3.2. Gene Expression Quantification and Analysis of Differentially Expressed Genes (DEGs)
We mapped clean reads to gene sequences and used RSEM software to calculate the gene amount of each sample. In order to explore the gene expression pattern of the yellow drum under salinity fluctuation, we compared the number of DEGs in five treatment groups. Compared to the control (25 psu), 907 (471 up- and 436 down-regulated), 1109 (498 up- and 611 down-regulated), 1309 (627 up- and 682 down-regulated), 18 (7 up- and 11 down-regulated), and 243 (141 up- and 102 down-regulated) DEGs were obtained under 10, 15, 20, 30, and 35 psu salinities, respectively. We constructed a cluster heat map to show the expression of the DEGs in different samples (Figure 1).
3.3. Tendency Analysis of DEGs
To explore the expression pattern of the DEGs in the process of salinity fluctuation, we conducted tendency analysis based on the expression quantity data of all DEGs. The results showed that all DEGs under salinity fluctuation were mainly divided into three expression trends (Profiles 14, 17, and 19). In addition, we performed GO enrichment analysis to understand the main functions of the genes in the three trends (Figure 2).
3.4. GO Terms and KEGG Pathways Enrichment Analysis of DEGs
To explore the function of genes that may be related to the response of the yellow drum to salinity fluctuations, we conducted GO and KEGG pathway enrichment analyses for the DEGs of five treatment groups. The results showed that the main GO terms for the DEGs included binding (GO:0005488), cellular processes (GO:0009987), metabolic processes (GO:0008152), and catalytic activity (GO:0003824) (Figure 3).
The KEGG pathway enrichment analysis provided valuable information for the study of specific cellular processes, environmental information processing, genetic information processing, and the metabolism organismal systems of the yellow drum under salinity fluctuations. With an increase in salinity, the DEGs were enriched in 308, 410, 483, 4, and 90 different pathways at 10, 15, 20, 30, and 35 psu, respectively. Notably, the 3, 6, and 11 pathways (Q < 0.05) were significantly enriched at 10, 15, and 20 psu, respectively, while no significant enrichment pathways were found in the 30 and 35 psu. The results are shown in Figure 4.
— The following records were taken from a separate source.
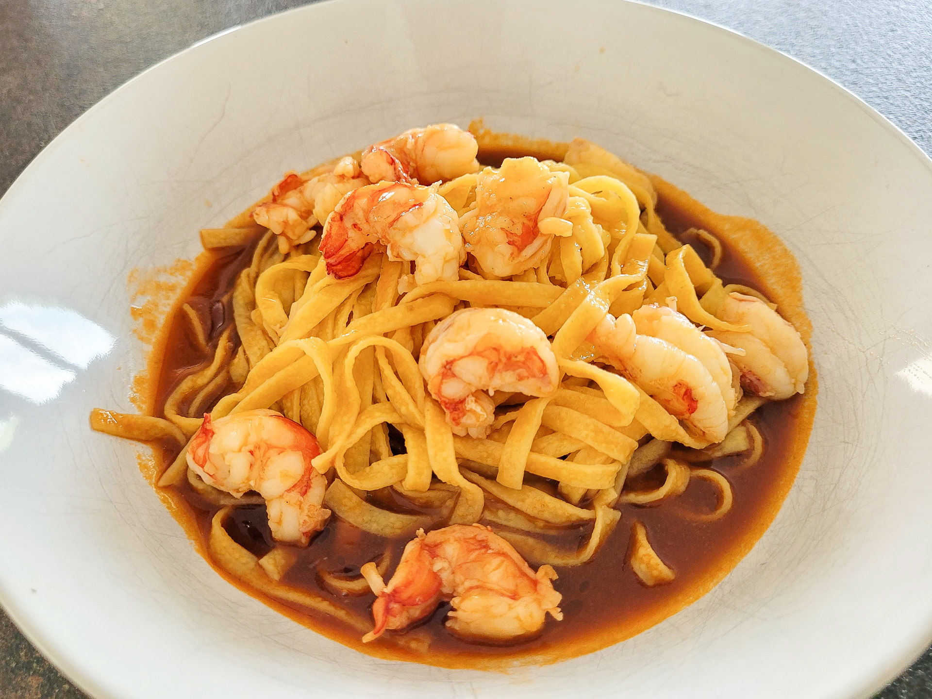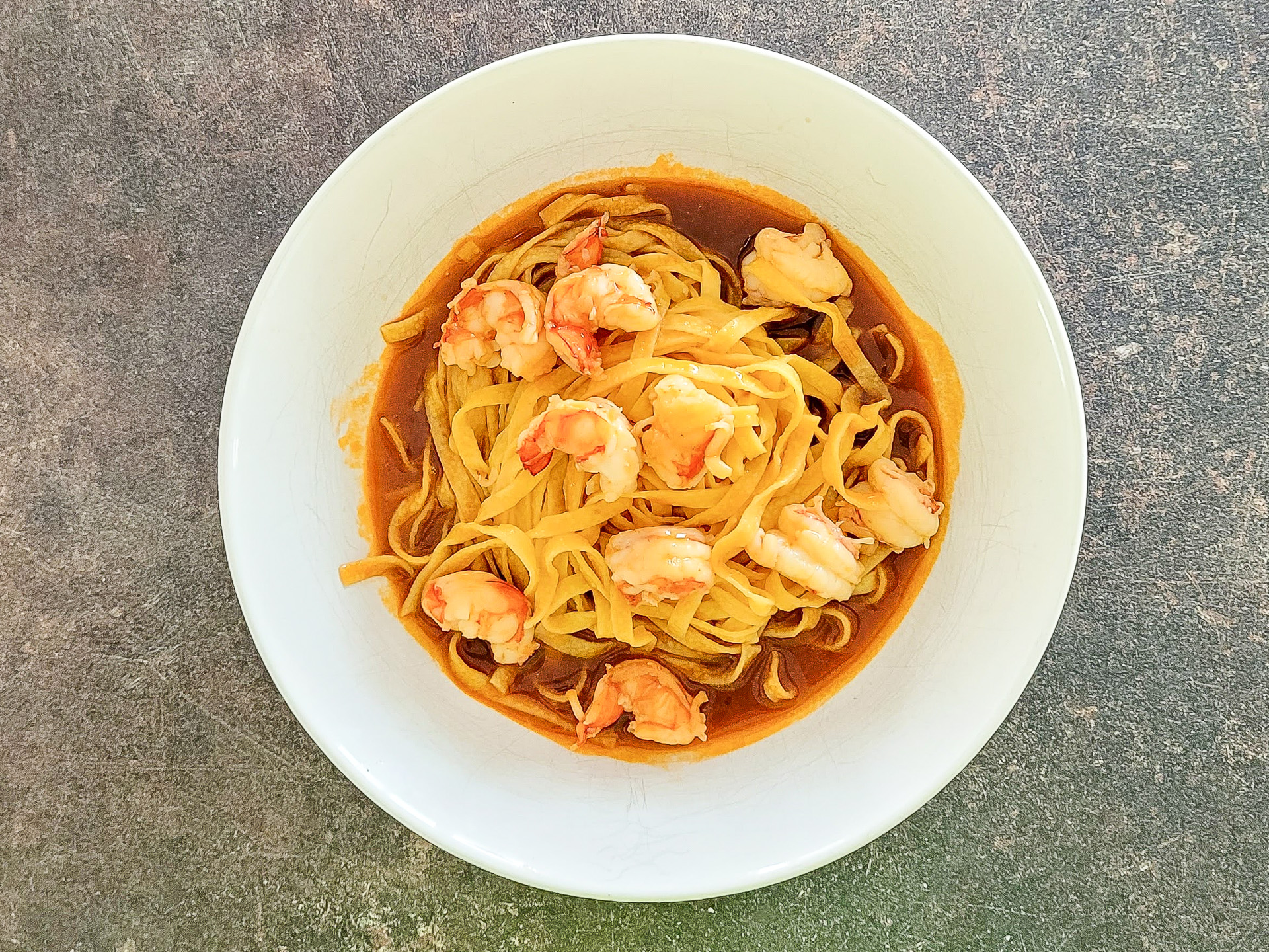 V globok krožnik dam omako, ki ji primešam sojino omako. Na njo položim kuhane rezance ter na vrh še popečene kose rakov. Pokapam z žličko rakovega olja.
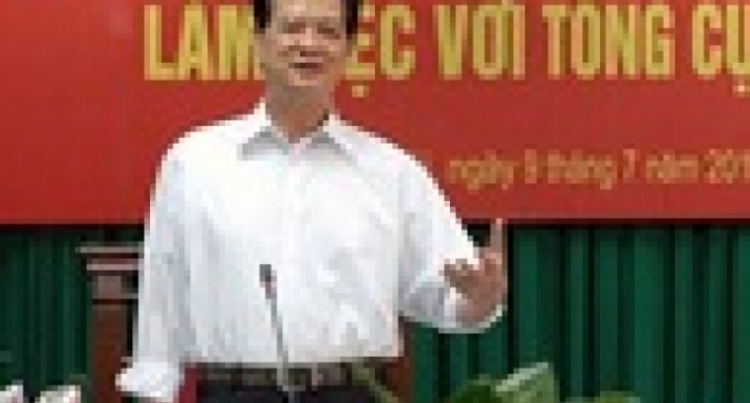 Phát biểu tại buổi làm việc với Tổng cục Thuế sáng 9/7, Thủ tướng Nguyễn Tấn Dũng yêu cầu "bằng mọi biện pháp, tập trung rà soát, cải cách thủ tục hành chính theo các tiêu chí cụ thể nhằm giảm số lần, thời gian nộp thuế của người dân và doanh nghiệp" - Ảnh: VGP/Nhật Bắc
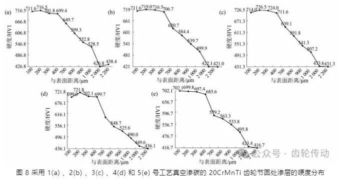 滲碳和淬火回火后工件的有效硬化層深度是指從表面到維氏硬度為 550 HV 處的垂直距離,是評定滲碳淬硬件熱處理質量的重要指標之一。采用五種工藝真空滲碳的齒輪節圓處滲層的硬度分布如圖 8 所示。圖 8 表明,隨著與表面距離的增大硬度下降,采用 1 ~ 4 號工藝真空滲碳的齒輪節圓處滲層硬度先上升后下降,這與含碳量的降低和殘留奧氏體的多少有關。采用五種工藝真空滲碳的齒輪節圓處的滲層深度分別為 0.884 mm、0.913 mm、0.878 mm、 0.925 mm 和 0.935 mm,表面硬度基本為 60 ~ 61 HRC(換算值) ,符合要求(58 ~ 62 HRC) 。

3.5. Validation of Transcriptomic Data via qRT-PCR
A total of eight DEGs were randomly selected for the qRT-PCR experiment on 18 cDNA templates. The melting curve analysis showed that a single product was amplified for all of the tested genes, indicating that the transcriptome assembly was largely accurate. The relative expression levels of the eight genes in the five treatment groups compared to the control group are shown in Figure 5. The results showed that all of the tested genes were consistent with the expression patterns of the transcriptome analysis, with only slight differences in the expression levels. In general, the results of the qRT-PCR experiment confirms that the results of the RNA-Seq expression analysis are reliable and accurate.
4. Discussion
In the process of long-term evolution, to adapt the adverse effects of salinity changes, euryhaline fish have developed some highly conservative physiological mechanisms so that their internal osmotic pressure can quickly keep balance with the ambient environment [6]. Transcriptome analysis via high-throughput sequencing technologies has been accepted as a robust approach to assess transcriptional response to different salinity conditions [35]. Therefore, transcriptome analysis can provide theoretical guidance for the selection of the optimal salinity in aquaculture.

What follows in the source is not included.